Tuesday, October 13, 2015


Over the last thirty years or so, Canadian filmmakers have made themselves known in Hollywood. David Cronenberg, Guy Maddin, Sarah Polley...these are just a few names that hail from there. There have been other directors making names for themselves in recent years (Xavier Dolan, Jean-Marc Vallee), and the list keeps growing.

Another name on that list is Denis Villeneuve. Recently he has garnered acclaim for films like Prisoners and Enemy. So how does his latest film Sicario fare (and compare)? Well, like his last two films, Villeneuve paints a portrait of humanity's dark side and this one is decidedly way more violent.

There's something amusing in that the director of Sicario and its two best stars hail from outside the United States.
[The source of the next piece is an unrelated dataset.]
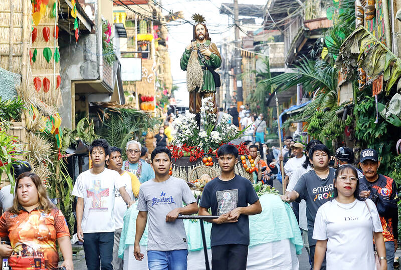 Devotees take an image of San Isidro Labrador on a street procession to celebrate the Pahiyas Festival in Lucban, Philippines, yesterday. The Pahiyas Festival is celebrated annually in Quezon Province to honor San Isidro Labrador, the patron saint of farmers. Agricultural products are displayed at the facades of houses to express gratitude for a good harvest with hopes of more years of prosperity ahead.

Emily Blunt has certainly made a name for herself in the last few years and with her work in Sicario, it won't be much longer until she's more in demand. Benicio del Toro, already a well-established name (he has an Oscar, after all), spends many of the scenes he's in not drawing attention to himself...at first. Then all eyes are on him. (Could Oscar nomination #3 be around the corner?)

And from a visual standpoint, Sicario is pretty stunning as well. In a way reminiscent of Michael Slovis' work on Breaking Bad, Roger Deakins captures the mood of the film with the use of shadows and vivid colors. (How Deakins still hasn't won an Oscar is anyone's guess.) The bright colors provide a sort of dissonance  to the overall tone of the film. (Not that it's a bad thing.)

Sicario is a very well done and intense film, thanks primarily to the work from Blunt, del Toro, Villeneuve and Deakins. That said, however, Sicario isn't 100% solid. It lingers too much on corruption in the system during a majority of scenes. Apart from that, it's proof that Villeneuve will be working for a long time.